**** Data extracts ****
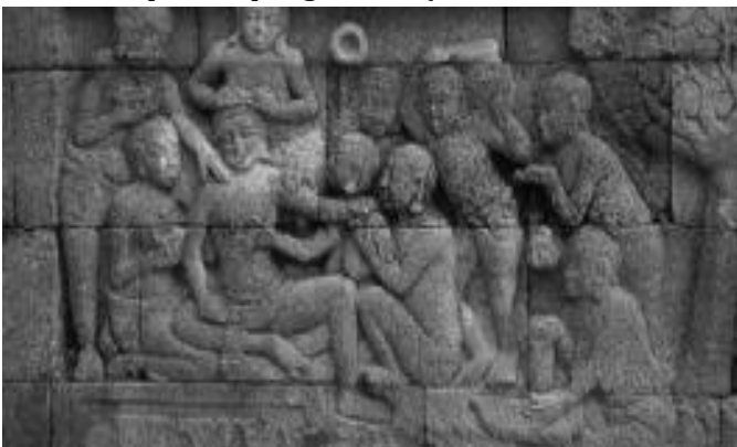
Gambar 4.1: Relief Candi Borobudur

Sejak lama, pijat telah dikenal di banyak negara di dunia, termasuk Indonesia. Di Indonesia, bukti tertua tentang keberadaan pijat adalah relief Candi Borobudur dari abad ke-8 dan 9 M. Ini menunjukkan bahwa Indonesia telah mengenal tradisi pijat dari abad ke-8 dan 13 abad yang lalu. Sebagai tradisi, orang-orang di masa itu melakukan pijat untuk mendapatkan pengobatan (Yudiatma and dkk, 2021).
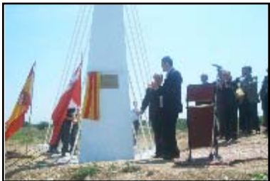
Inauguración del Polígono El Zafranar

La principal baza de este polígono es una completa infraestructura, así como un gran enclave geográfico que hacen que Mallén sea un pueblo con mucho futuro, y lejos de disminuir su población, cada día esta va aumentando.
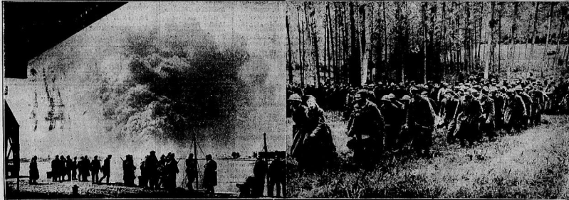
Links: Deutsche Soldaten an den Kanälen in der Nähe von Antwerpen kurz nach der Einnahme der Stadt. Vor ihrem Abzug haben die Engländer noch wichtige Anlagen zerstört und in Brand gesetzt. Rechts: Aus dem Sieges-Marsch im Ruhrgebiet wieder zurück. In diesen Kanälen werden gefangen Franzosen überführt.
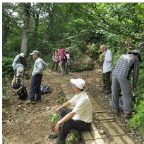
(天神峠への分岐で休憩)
****
▸ **Exercise**: Your answer should consist solely of the lines from the line with "Sejak lama, pijat" to the final line of the listing, set down word for word, pictures omitted.

▸ **Output below**:
Sejak lama, pijat telah dikenal di banyak negara di dunia, termasuk Indonesia. Di Indonesia, bukti tertua tentang keberadaan pijat adalah relief Candi Borobudur dari abad ke-8 dan 9 M. Ini menunjukkan bahwa Indonesia telah mengenal tradisi pijat dari abad ke-8 dan 13 abad yang lalu. Sebagai tradisi, orang-orang di masa itu melakukan pijat untuk mendapatkan pengobatan (Yudiatma and dkk, 2021).
Inauguración del Polígono El Zafranar

La principal baza de este polígono es una completa infraestructura, así como un gran enclave geográfico que hacen que Mallén sea un pueblo con mucho futuro, y lejos de disminuir su población, cada día esta va aumentando.
Links: Deutsche Soldaten an den Kanälen in der Nähe von Antwerpen kurz nach der Einnahme der Stadt. Vor ihrem Abzug haben die Engländer noch wichtige Anlagen zerstört und in Brand gesetzt. Rechts: Aus dem Sieges-Marsch im Ruhrgebiet wieder zurück. In diesen Kanälen werden gefangen Franzosen überführt.
(天神峠への分岐で休憩)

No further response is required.